Figure 4. Compounds that miscue planarian polarity regulate schistosomule contractility.

(A) Compounds transferred from planarian regenerative assay to schistosomule screen. (B) Top, image sequence showing periodic basal contractile activity of a schistosomule. Bottom, body length versus time plots for individual schistosomules treated with small molecules (low dose, grey; high dose, black).

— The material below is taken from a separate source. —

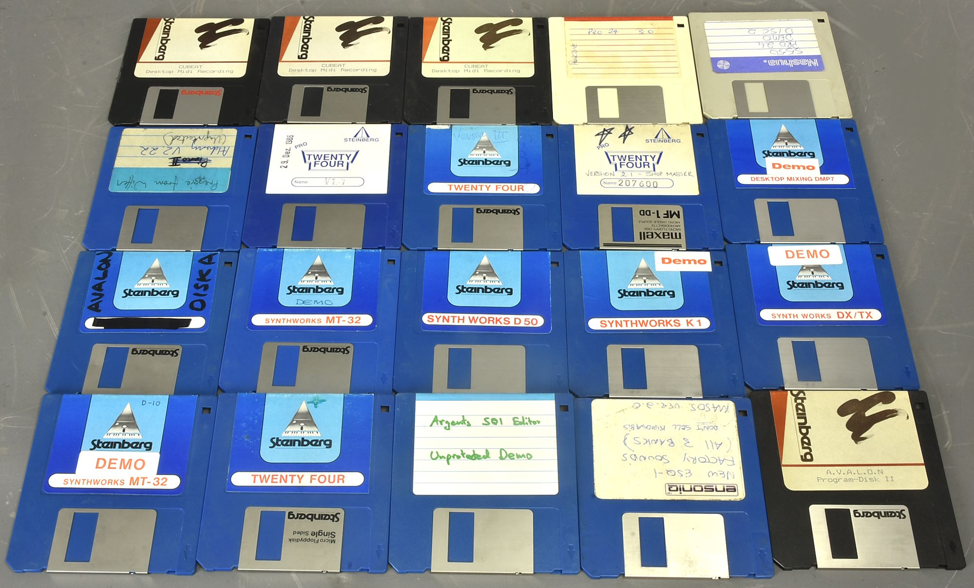 A massive collection of c. 1986-90 software disks believed to have come from the famous Argents music store in London. Virtually all are Steinberg, from the Pro-24 / Cubeat* / Cubase start era - arguably one of the main sources of the revolution in music which spawned all the subsequent in-the-box stuff - especially in Europe. *Cubase was originally going to be called Cubeat - see the three ultra-rare disks included (one close-up in pic 4) but had to be changed for copyright / trademark reasons. All untested, sold as seen, but a potentially great fount of historical / retro material. Packing 3GBP. |

Drug concentrations (30 minute exposures) were: bromocriptine (BRM, 1 µM; 10 µM), praziquantel (PZQ, 1 µM; 10 µM), apomorphine (APM, 1 µM; 10 µM), mianserin (MSN, 5 µM; 10 µM), reserpine (RES, 10 µM; 50 µM), 5-HT (10 µM; 100 µM), fluoxetine (FLX, 1 µM; 10 µM), 8-OH DPAT (1 µM; 10 µM). (C) Dose-response relationship showing the effects of increasing concentrations of bromocriptine on schistosomule contractility. (D&E) Cumulative dataset from experiments such as those shown in ‘B’ for compounds active in the planarian regenerative bioassay parsed into compounds that (D) inhibit and (E) stimulate schistosomule contractility. Drug concentrations were the higher dose of values reported in (B). Dashed line, basal level of contractility.